In the modern era, computers are extremely powerful. But they weren't always so, and video games were invented back in an age when processing power was still quite modest. But they were still capable of fast and frenetic action, demanding of the player's reflexes. So one might wonder: How did they do that?

The operative word is video. Understanding how a television works will really help in understanding how a video game works.

Video

How an old-school analogue television tube generates images on its glowing screen is not too complicated. At the back of the tube there's a "gun" that shoots a beam of electrons forward, and where this beam hits the screen from behind, it makes a glowing spot. The intensity of the beam can be changed to vary the brightness of the glow, and there are some magnets along the sides of the tube which can bend the beam before it hits the screen, and thus determine where on the screen the spot appears. (It's a little more complicated for colour TVs, but let's ignore those for now to keep things simple.)

But — at any given time there can only be one spot on the screen that's being hit by the beam like this. So to create the illusion that the whole screen is glowing, the trick is to move the spot around very, very quickly.

To make an image that fills the screen, we need a good method for covering the the entire screen in an orderly fashion. The method developed for television broadcasting is one such method. Each frame starts at the top-left of the screen, and is composed of successive left-to-right scan lines, each of which is slightly lower down on the screen than the one before it. Then, when we get to the bottom-right of the screen, the beam goes back up to the top-left for the next frame. (Footnote 1)
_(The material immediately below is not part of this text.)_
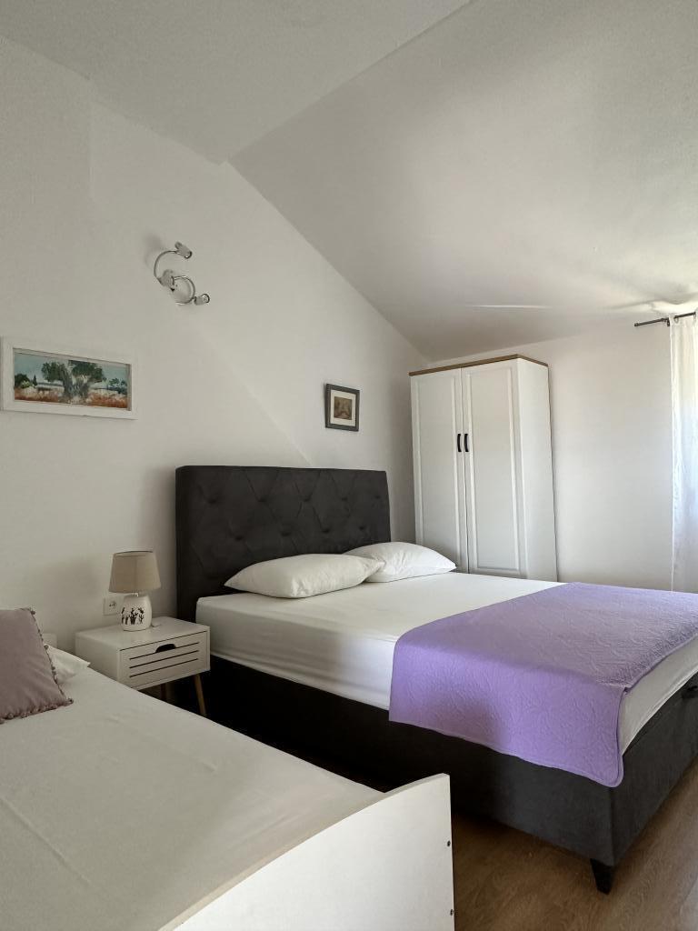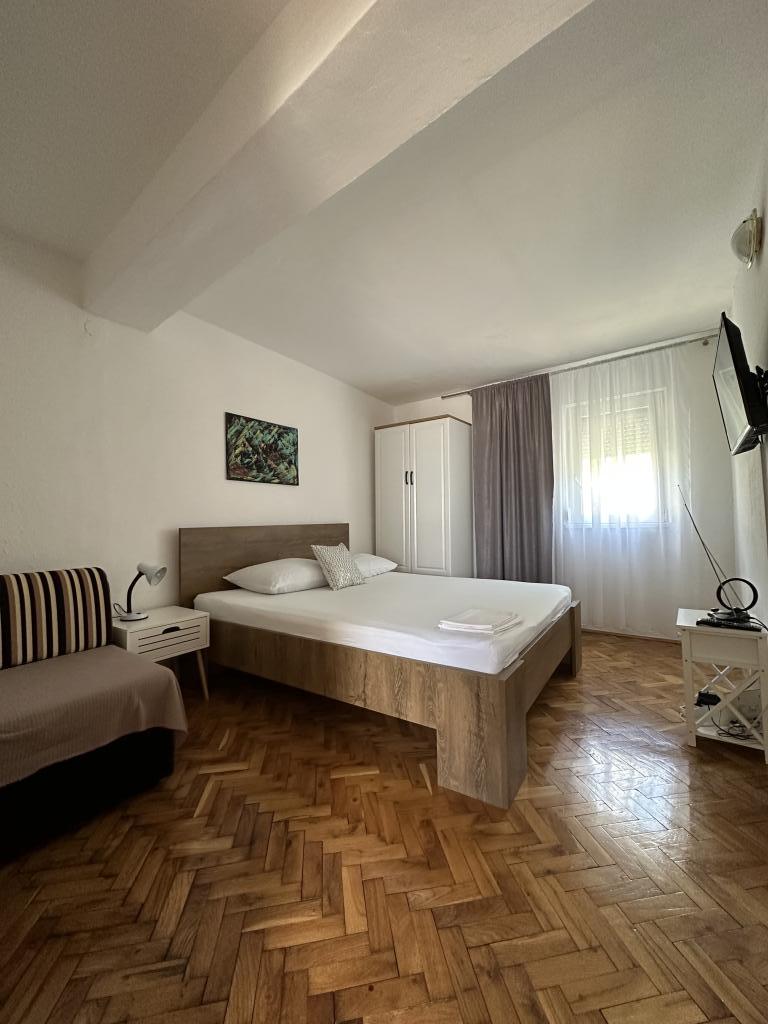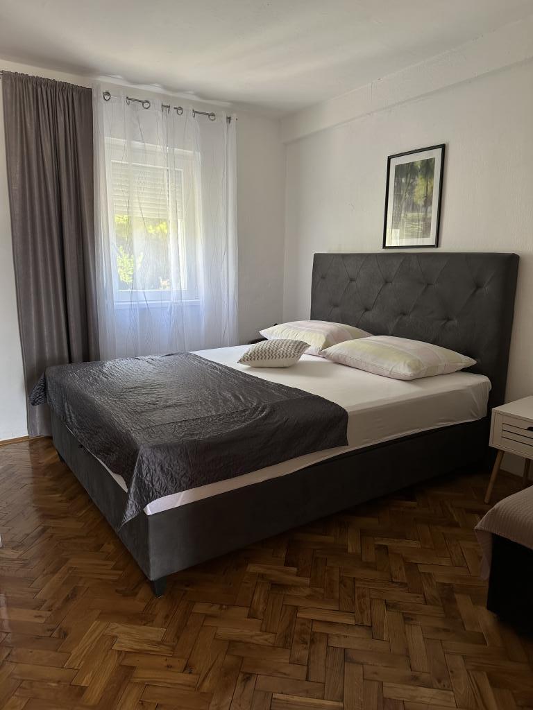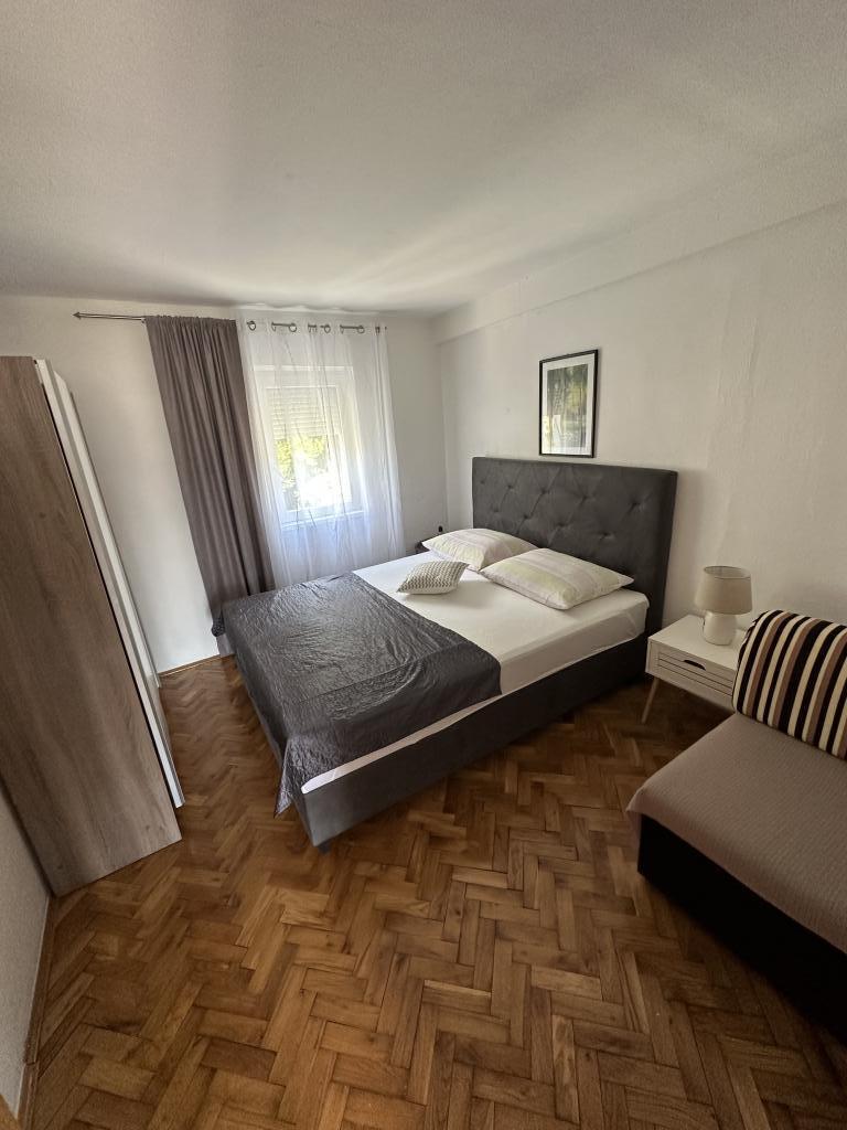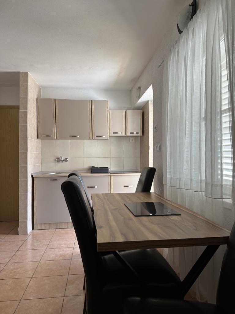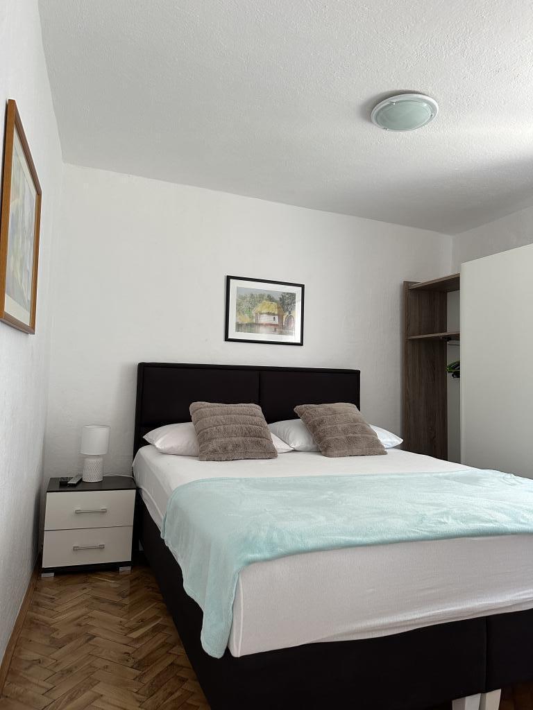 Promajna apartment 200 m from the sea. Separate 3 apartments per floor with sea view. Parking, TV, air conditioning, internet. The beach is located in a pine forest. A small seaside resort ideal for vacations, next to which there is a children's village known for treating bronchitis. Each apartment has two bedrooms with double beds plus extra bed, bathroom, kitchen, terrace with sea view. Makarska 5km away. Baska Voda 3km away. Promajna is connected with the Baška Voda promenade through the pine forest by the sea. Price is 80 euros plus 1 € tourist tax per adult.

Diagram of video frame scan lines

While there are certainly some differences, modern displays work quite similarly. (Footnote 2)

That glowing spot is fairly small, so to get a nice, solid-looking frame, we should space the scan lines closely together. For the sake of concreteness, let's say there are 200 scan lines on our picture tube, and that we will vary the intensity of the beam 200 times during each scan line. Each frame must be drawn quickly to make it look like a solid image, and if we want the impression of smooth motion in the video, the frames must be generated in quick succession, as well — say, 30 frames per second.

Crunching these numbers, we find that each frame must be drawn in 1/30 of a second, and each of its 200 scan lines must be drawn in 1/6000 of a second. That's a really short time — one-sixth of a millisecond. And since each scan line contains 200 pixels, the beam must be able to change in intensity 1.2 million times a second!

Video display circuitry

1.2 million times per second is a lot of times per second to do anything. It's not too difficult to pack this many changes into an analogue signal that's being transmitted via radio waves (as TV signals originally were), but if you need a computer to generate such a signal, that's a slightly different story.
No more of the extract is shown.